[PROBLEM DESCRIPTION] Keep the images out and set the listing below down word for word.

[DATA PROVIDED]
--------------------------------
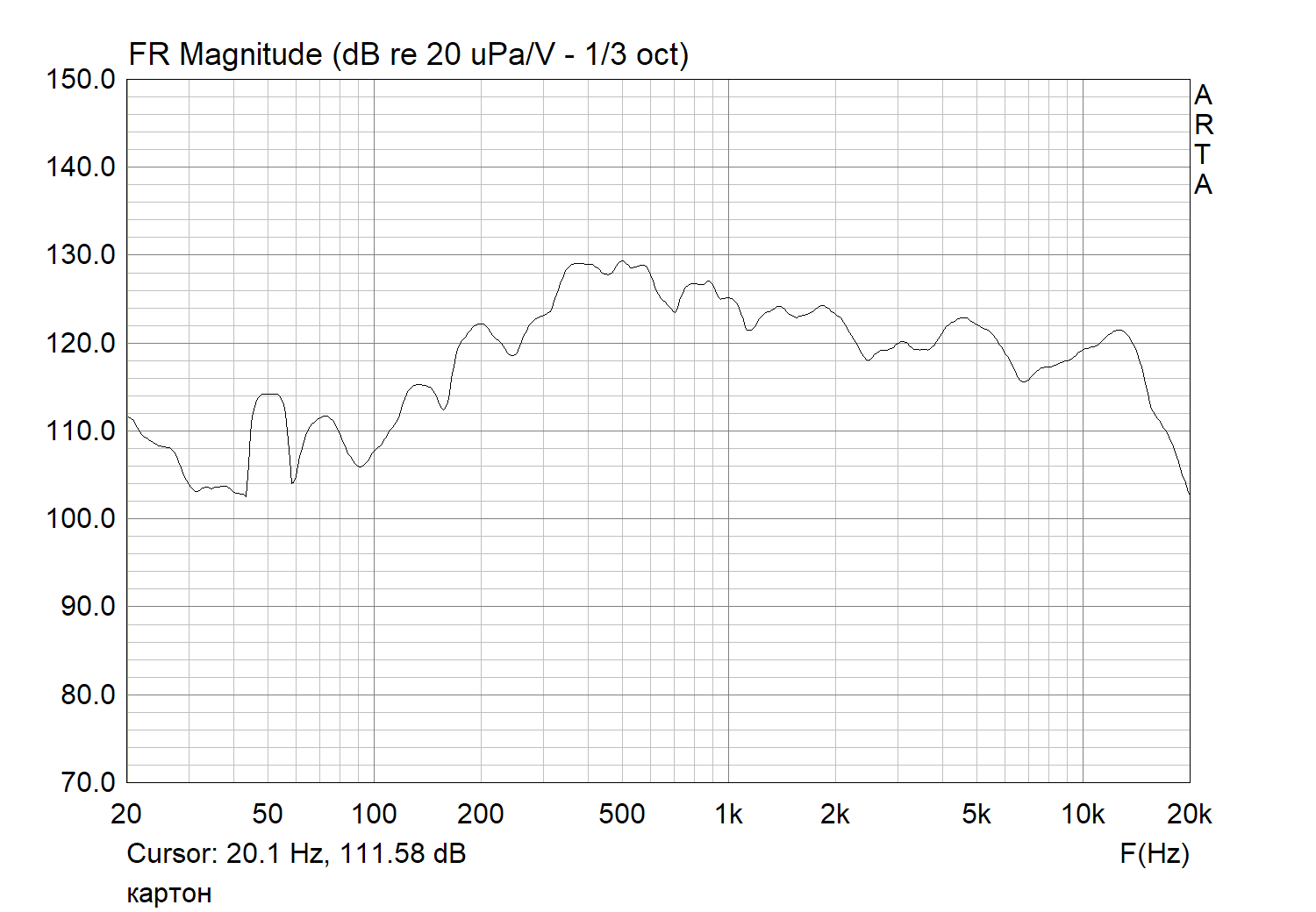 Я вижу, что китайские большие эксайтеры добегают до 12кГц на упаковочном картоне, значит нужно брать. Есть еще одна мысль сделать поверхность пенокартона жестче, все же бумага мягкая, ногтем продавливается. Думаю, от этого горбит на средних. Надо намешать полиэфирки со слюдой, или с аэросилом в качестве покрытия. Ребята из Мескалито заявляют, что балуются с покрытиями.
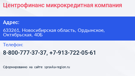 Центрофинанс, микрокредитная компания по адресу 633261, Новосибирская область, Ордынское, Октябрьская, 40Б в дальнейшем Организация, размещена в следующих категориях:
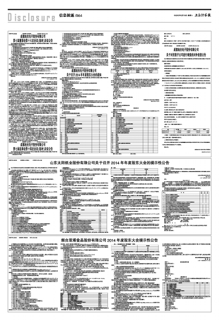 山东太阳纸业股份有限公司关于召开2014年年度股东大会的提示性公告
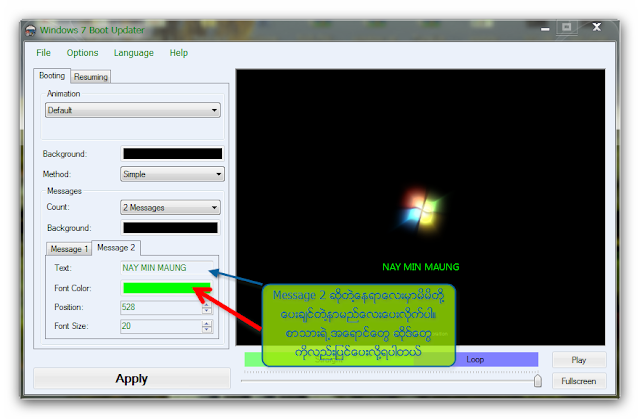 ကၽြန္ေတာ္တို႔ဒီတစ္ခါ Window 7 ဆိုတဲ႔စာသားေလးေနရာမွာSoftware ေလးသံုးၿပီးကိုယ္႔နာမည္ေလးကိုယ္
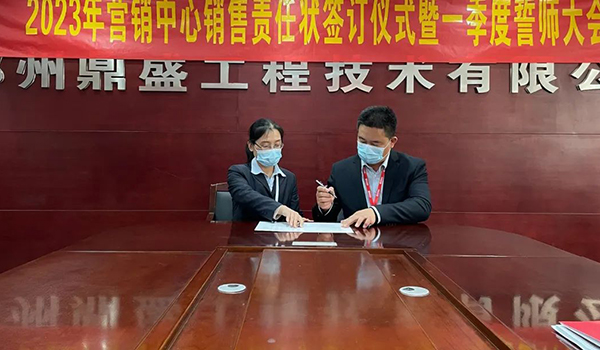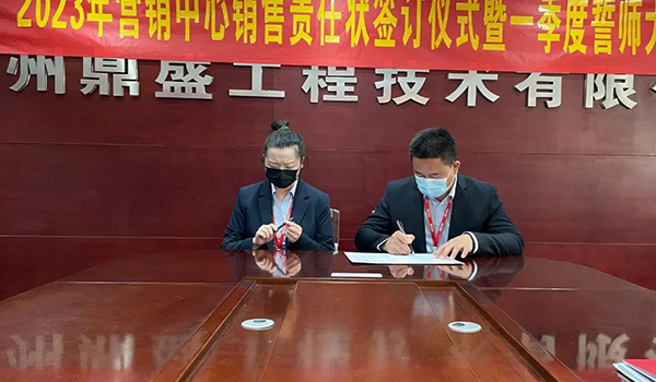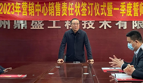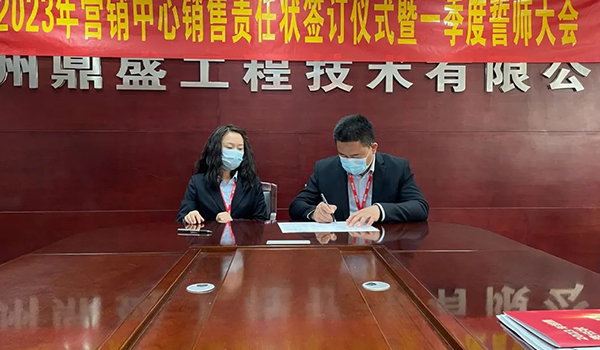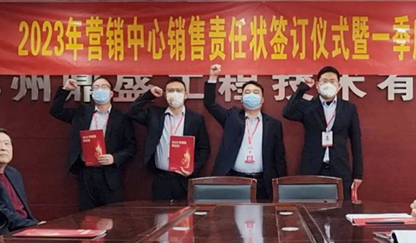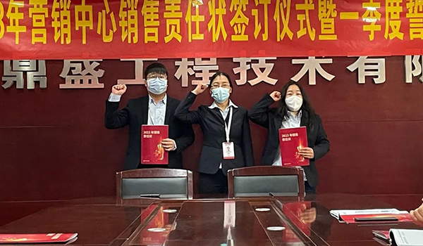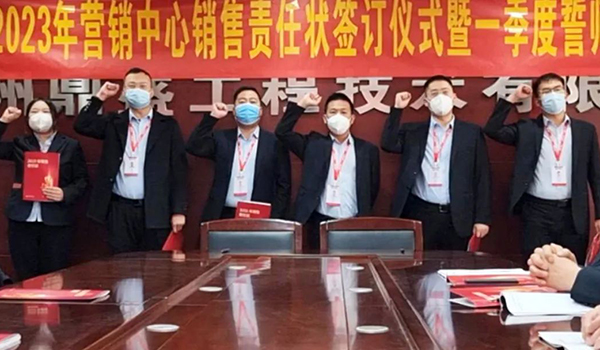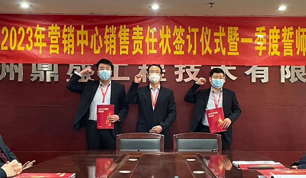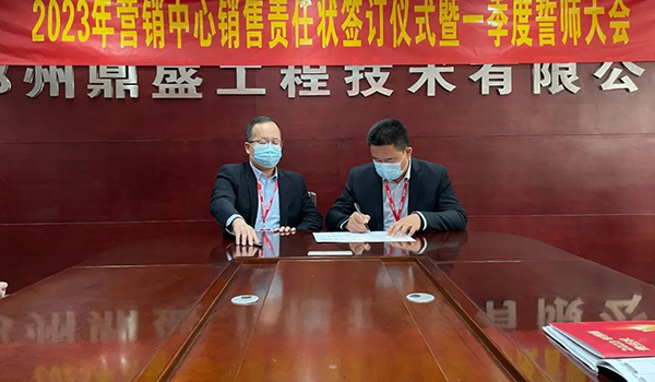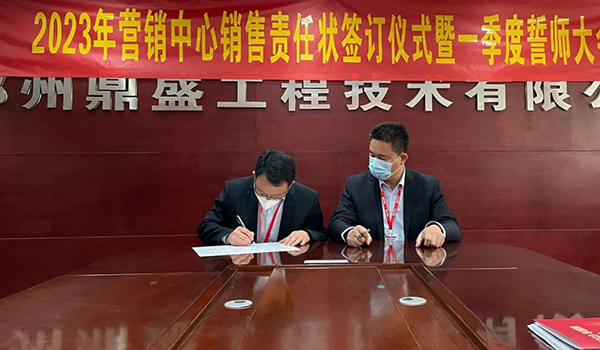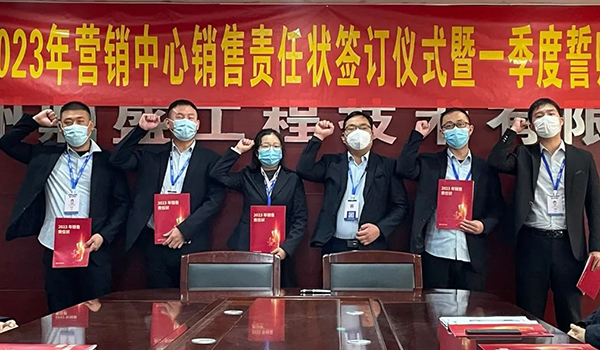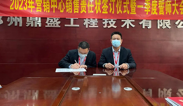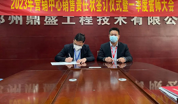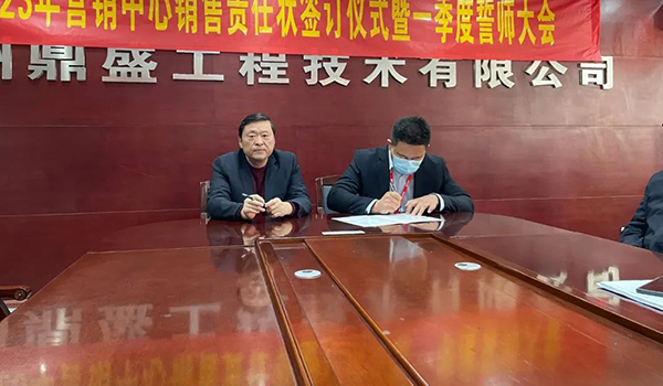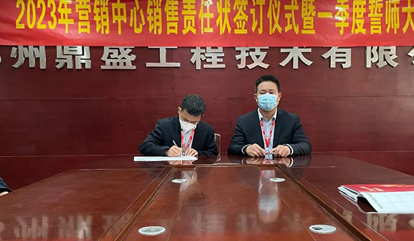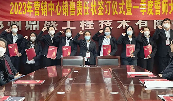 蓄力量、育希望、創輝煌。近日,鄭州鼎盛為確保2023年度銷售工作取得突破性進展,再上一個新臺階。營銷中心全體齊聚公司總部,舉行“2023年營銷中心銷售責任狀簽訂儀式暨一季度誓師大會”,公司主要領導出席儀式。
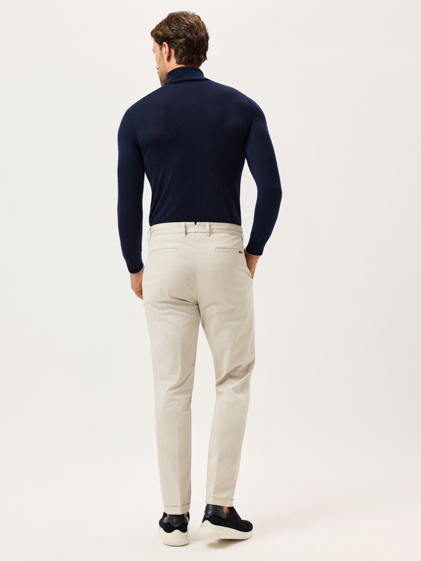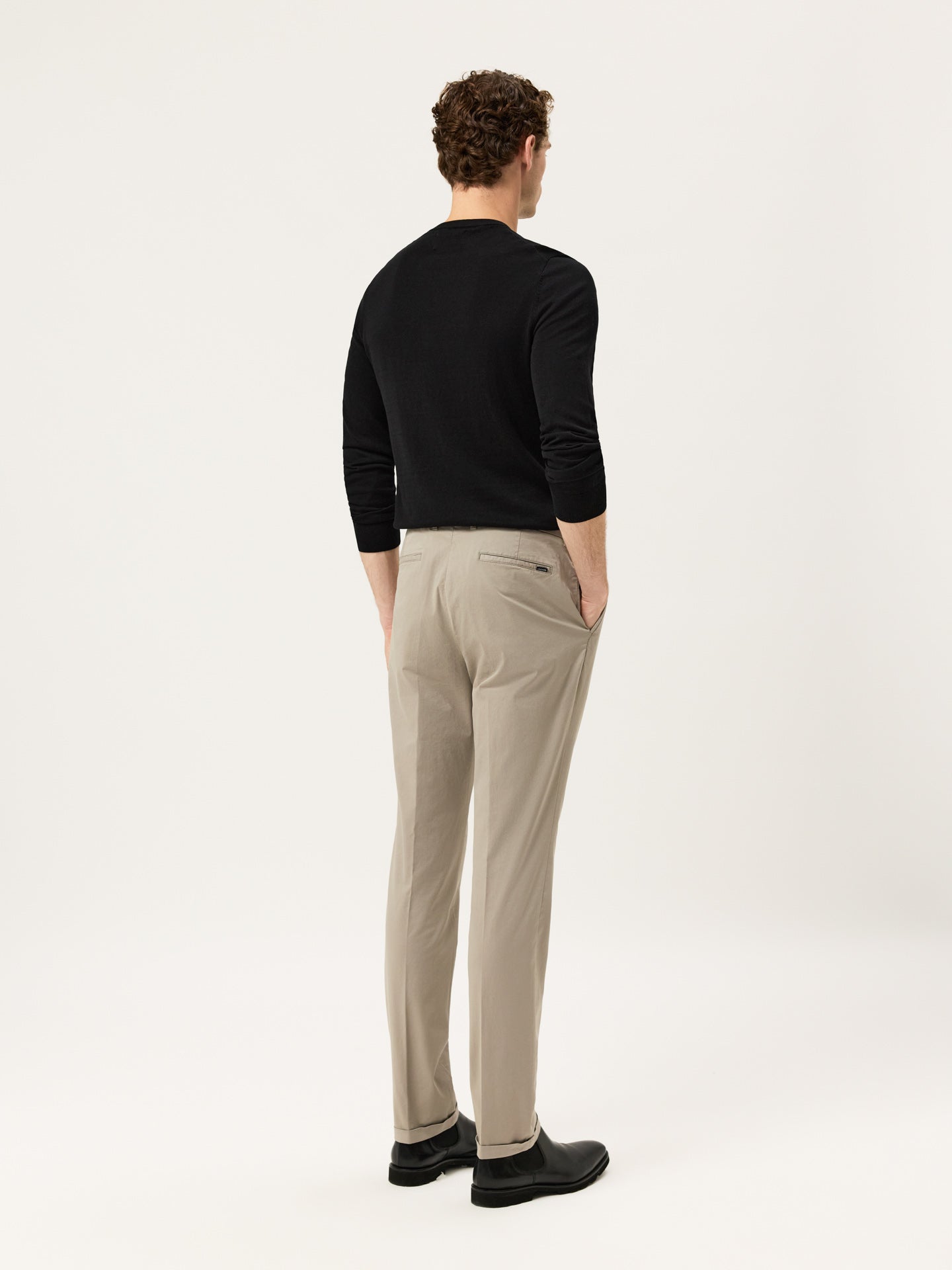 Slim Fit Light Twill Chino With Front Pleat And Garment Dye Finish
--------------------------------
[SOLVED PROBLEM]
 Я вижу, что китайские большие эксайтеры добегают до 12кГц на упаковочном картоне, значит нужно брать. Есть еще одна мысль сделать поверхность пенокартона жестче, все же бумага мягкая, ногтем продавливается. Думаю, от этого горбит на средних. Надо намешать полиэфирки со слюдой, или с аэросилом в качестве покрытия. Ребята из Мескалито заявляют, что балуются с покрытиями.
 Центрофинанс, микрокредитная компания по адресу 633261, Новосибирская область, Ордынское, Октябрьская, 40Б в дальнейшем Организация, размещена в следующих категориях:
 山东太阳纸业股份有限公司关于召开2014年年度股东大会的提示性公告
 ကၽြန္ေတာ္တို႔ဒီတစ္ခါ Window 7 ဆိုတဲ႔စာသားေလးေနရာမွာSoftware ေလးသံုးၿပီးကိုယ္႔နာမည္ေလးကိုယ္
 蓄力量、育希望、創輝煌。近日,鄭州鼎盛為確保2023年度銷售工作取得突破性進展,再上一個新臺階。營銷中心全體齊聚公司總部,舉行“2023年營銷中心銷售責任狀簽訂儀式暨一季度誓師大會”,公司主要領導出席儀式。
 Slim Fit Light Twill Chino With Front Pleat And Garment Dye Finish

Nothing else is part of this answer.